2.Population demographics:The population demographics of any country are also a reflection of the system of ownership and quality of economic value that circulates in the population, general development, material and cultural wellbeing of the majority of the people of such a country. Zambia has a population demographic skewed towards young people below 14 years as a reflection of our failure to fundamentally transform our economy and society since independence, in favour of the majority of Zambia’s people. We are thus a very poor country incapable of feeding its own people, meanwhile we are a natural resource rich country.

Our democratically formulated popular vision of a transformed Zambia would entail determining the optimal population distribution and growth rates for the various phases of development of our country to guarantee every human being a chance to live a full life, on the basis of the forms of ownership of our productive forces and their stage of development. We have no shortage of skilled and educated Zambians to do this kind of planning.

3. The struggle to eliminate poverty:At the heart of our national vision and all planning would be the strategic goal of eliminating, and not alleviating, poverty. Poverty includes material and cultural deprivation, rather than just income and asset poverty. A simpler way of doingthis is to determine the minimum material and cultural threshold beyond which no human being in Zambia must be allowed to fall. This would also mean, for example, making universal access to nutritious and appropriate food, education, health, clean and safe water, shelter, and a basic income all human rights protected by the Constitution. The fantastic thing about all this is that Zambia has a rich natural resource base and a population which if scientifically organised and democratically managed, can achieve these simple things for every human being in Zambia, within the shortest possible time, actually.

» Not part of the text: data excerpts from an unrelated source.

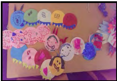
We used pipe cleaners and coloured paper to create our colourful caterpillars.
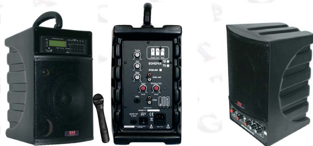
Example of a Bohemia 7B with a built-in VHF receiver module, CD/MP3/USB player and Microphone.
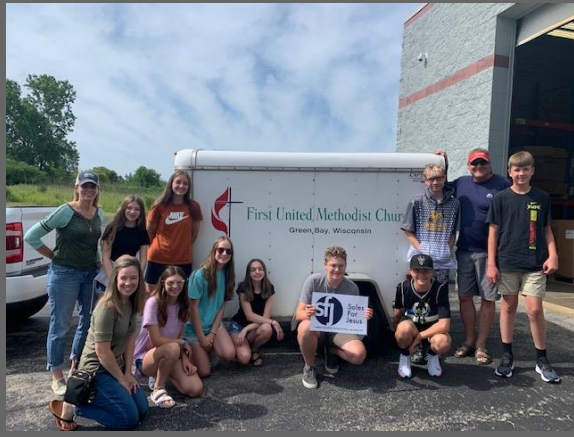
FUMC- Green Bay Youth Group
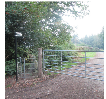
6. The gate back to the road
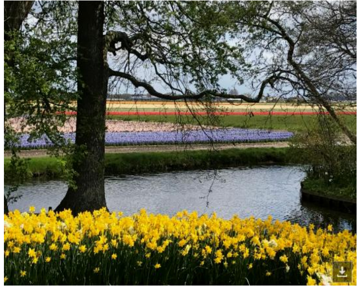
Bulb fields - Keukenhof, Holland
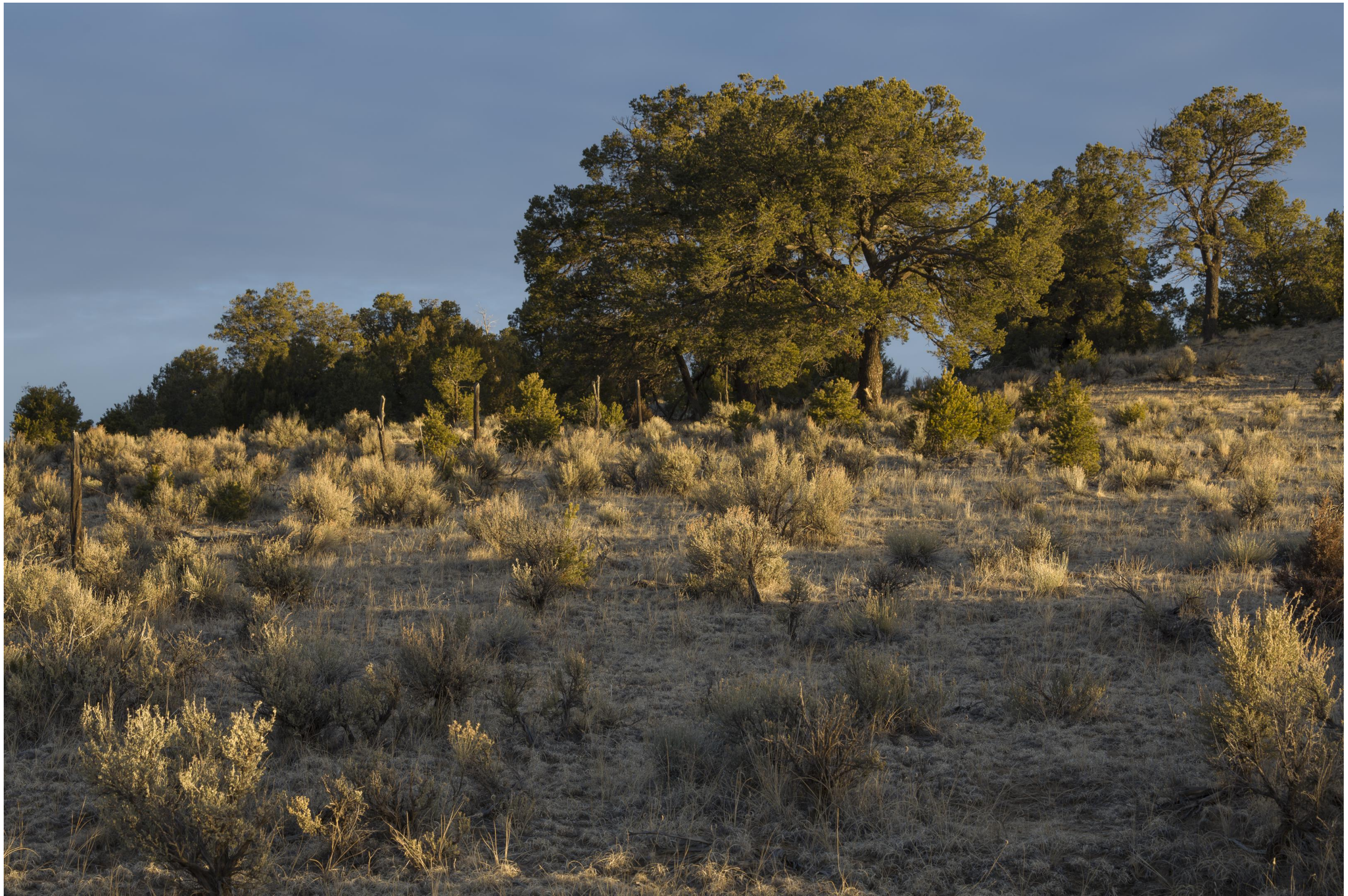
8:41:58 Near Cuba New Mexico
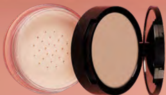
1. ICS-JAR220109 (CN) (52ml OFC) 68mmD x 38.5mmH Cap w/mirror (ABS outer/PP inner), PETG jar, PP sifter, PE liner
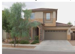
3749 Stampede Drive,

Comments: 4 bedroom 2 bath single level home with nice 9ft ceilings. Is sought after power ranch. Community includes pool, play areas hiking & jogging trails, bbq grills and a2 acre catch and release lake. Bank of america lender owned, buyer must have bank of america pre-qual if financing. Free credit report and appraisal if buyer finances through bank of america
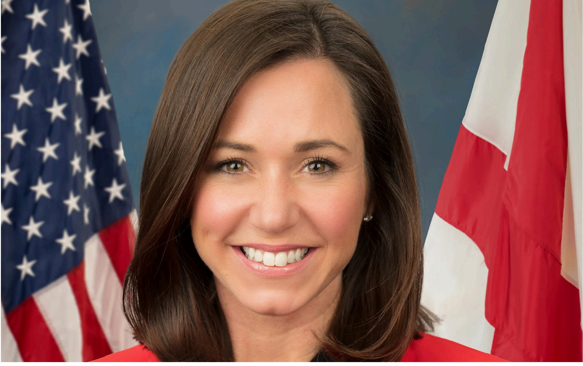
U.S. Senator Katie Britt (R-Alabama) and U.S. Senator Rick Scott (R-Florida) claimed illegal, unreported, and unregulated (IUU) fishing in China’s seafood industry is a threat to national security

A pair of senators from the United States have sent a letter to U.S. Secretary of Commerce Howard Lutnick, demanding the federal government issue “the toughest possible sanctions on seafood from China” over human rights violations in its commercial fishing industry.
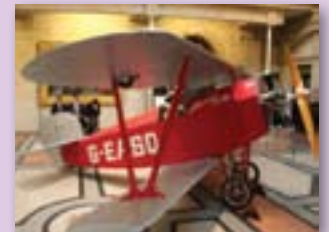
Year 11 physicists had a fascinating visit to the Bristol Museum to view the exhibition: 'Flight: 100 Years of the Bristol Aeroplane Company'.
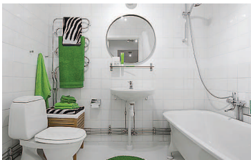
Bathroom & Toilet Waste Water

Now a Days gray Water reuse is Common and regularly procedure, but with conventional treatment unit it is very difficult to reuse the gray Water. Conventional Treatment Systems Requires Very large space, energy & Chemicals so It is not possible to make reuse by conventional means. Utopia Nano Electrochemical device and Membrane Filtration unit are the Heart of the System
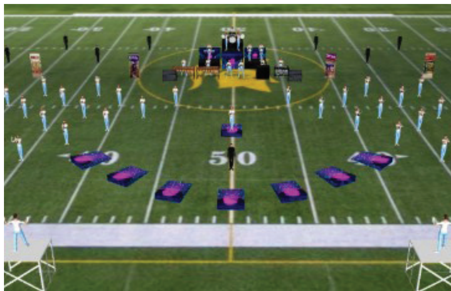
Greenbrier East High School Spartan Marching Band

Schedule your expert hearing consultation today.
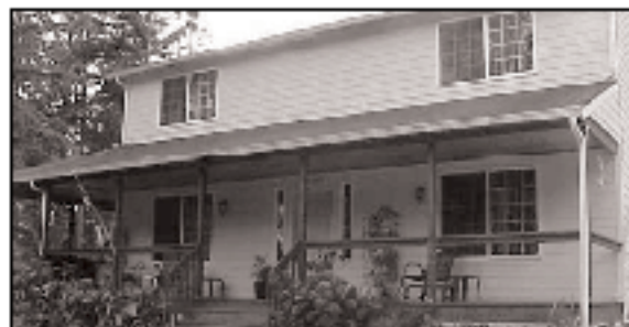
LAKE MINTERWOOD $349,000

You will enjoy the gorgeous view of Mt. Rainier, beautifully landscaped and terraced waterfall and green belt w/walking trails! Home features hardwood floors formal dining room, pass thru fireplace, master w/sitting room and fireplace, and much, much more. Don't miss out, call to see! MLS 26139271
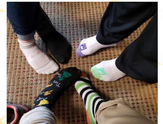
The Residence Life team!
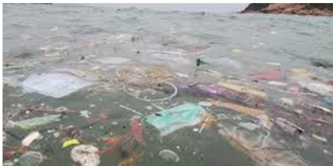
Environmentalists such as Stokes fear discarded masks and gloves will add to the ongoing fight against plastic pollution in the sea

Reference: https://www.dw.com/en/coronavirus-plastic-waste-polluting-the-environment/a-53216807
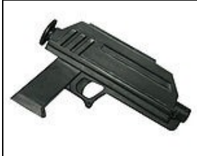
DC-17 Hand Blaster (animated style) For 501st approval:

Items below are optional costume accessories. These items are not required for approval, but if present appear as described below.
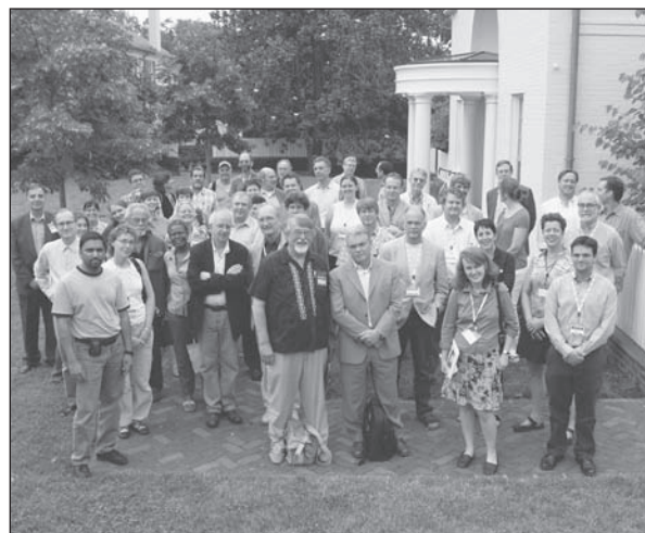
Over 50 scholars, writers, and artists attended the Symposium's concluding roundtable discussion at the Thomas Jefferson Memorial Library.

The Symposium program is available at http://www.aag.org/humanities/index.cfm and may also be found in the June 2007 issue of the AAG Newsletter, pages 8-9. ■

4. Our Constitution, development and poverty: When I served on the Mwanakatwe Constitutional Review Commission, I recall petitioners pleading for making social economic rights fully justiciable – enforceable –by entrenching them in our Bill of Rights. Almost six decades after our independence, there is one fundamental lesson we cannot fail to learn about our politics and politicians: like all politicians all over the world, when left to their own devices, they will milk the country dry, sell the family silver, incur impossible to pay debt and impoverish the majority. Time has come for us to make it a duty for a bundle of essential and necessary rights for any human being to live a dignified life, to be entrenched as justiciable rights, in our constitution. Central to these rights of course would also be the right and duty for every right aged healthy person in Zambia to work. This requires a democratic national constitutional process. It can all be done!